= Whirinaki Whare Taonga =

Art Centre in Upper Hutt, New Zealand

Whirinaki Whare Taonga is an art centre in Upper Hutt, New Zealand. The Centre consists of five public art galleries, a 200-seat theatre, a creative classroom, and a recreation hall.
Whirinaki opened in 2003 and was at that time called Expressions Arts and Entertainment Centre. It later changed its name to Whirinaki in 2021. The Māori word Whirinaki means to lean, rely on, or provide support. Whare Taonga means "house of treasure".
The purpose of Whirinaki Whare Taonga is to build social cohesion and improve wellbeing through arts, culture, and events. An average of 150,000 people visit each year.

Whirinaki hosts exhibitions ranging from New Zealand and international art to local artists, with an emphasis on interactive, family-friendly shows. Longer-term exhibitions explore the cultural and social history of Upper Hutt.
Notable international exhibitions hosted by the Centre include 50 Greatest Photographs of National Geographic (Smithsonian, 2015), Catwalk to Cover (London Fashion Museum, 2016), and The Secrets of Mona Lisa (The Louvre, 2017).
In 2024 Whirinaki presented Hall of Heroes, which drew record attendance.
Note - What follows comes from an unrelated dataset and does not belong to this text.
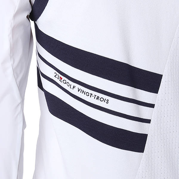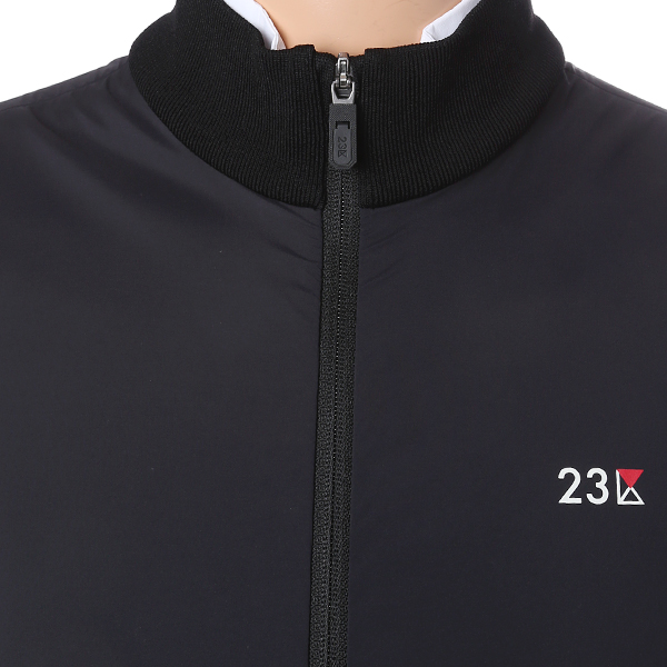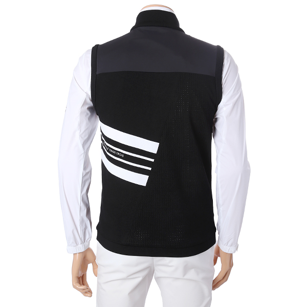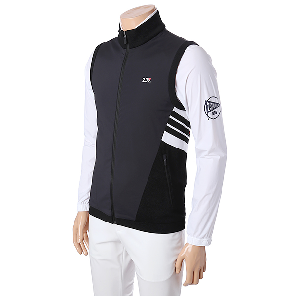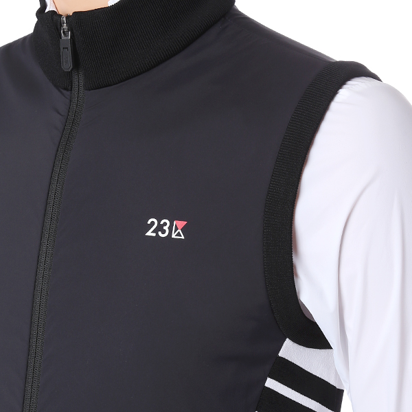 - 옆 라인에서 등판 사선 방향으로 컬러 배색과 로고 플레이 포인트 - 우븐 소재MIX 레이어드 니트 베스트 아이템 |

Whirinaki hosts concerts, theatre, dance, and community events.
Major annual events include the King's Birthday Music Festival, and the Classical Expressions chamber music series.
The recreation hall hosts community events such as the Upper Hutt Multicultural Festival and the Heretaunga Bookfest.

Whirinaki Whare Taonga is owned by Upper Hutt City Council and operated by the Whirinaki Whare Taonga Trust, a charitable Council Controlled Organisation. Trustees are volunteers and are unpaid.
The Trust participates in Council's Long Term Plan consultations, and reports through annual statements and strategic documents.

Whirinaki holds a small collection of early New Zealand Impressionism artworks. The collection was gifted by Ernest and Shirley Cosgrove in 2009.
The collection centres on artist James Nairn, who lived at Pumpkin Cottage, a hub for early New Zealand Impressionists.
History
The Upper Hutt Civic Centre opened in 1969, followed by the Civic Hall in 1971.
In 1993 the Upper Hutt Valley Community Arts Council proposed a local arts theatre, leading to the establishment of the Upper Hutt Community Arts Centre Trust in 1994. Architecture+ was engaged to design the facility.
Construction of the new Expressions building began in 2002 and was completed in 2003.
Extension (2015–2021)
To accommodate growing visitor numbers, Whirinaki underwent a major expansion, adding the Gillies Gallery, collection storage, a creative workshop, and a commercial kitchen, funded in part by the Regional Amenities Fund.
The extension, designed by Athfield Architects and built by Maycroft Construction, opened in 2021.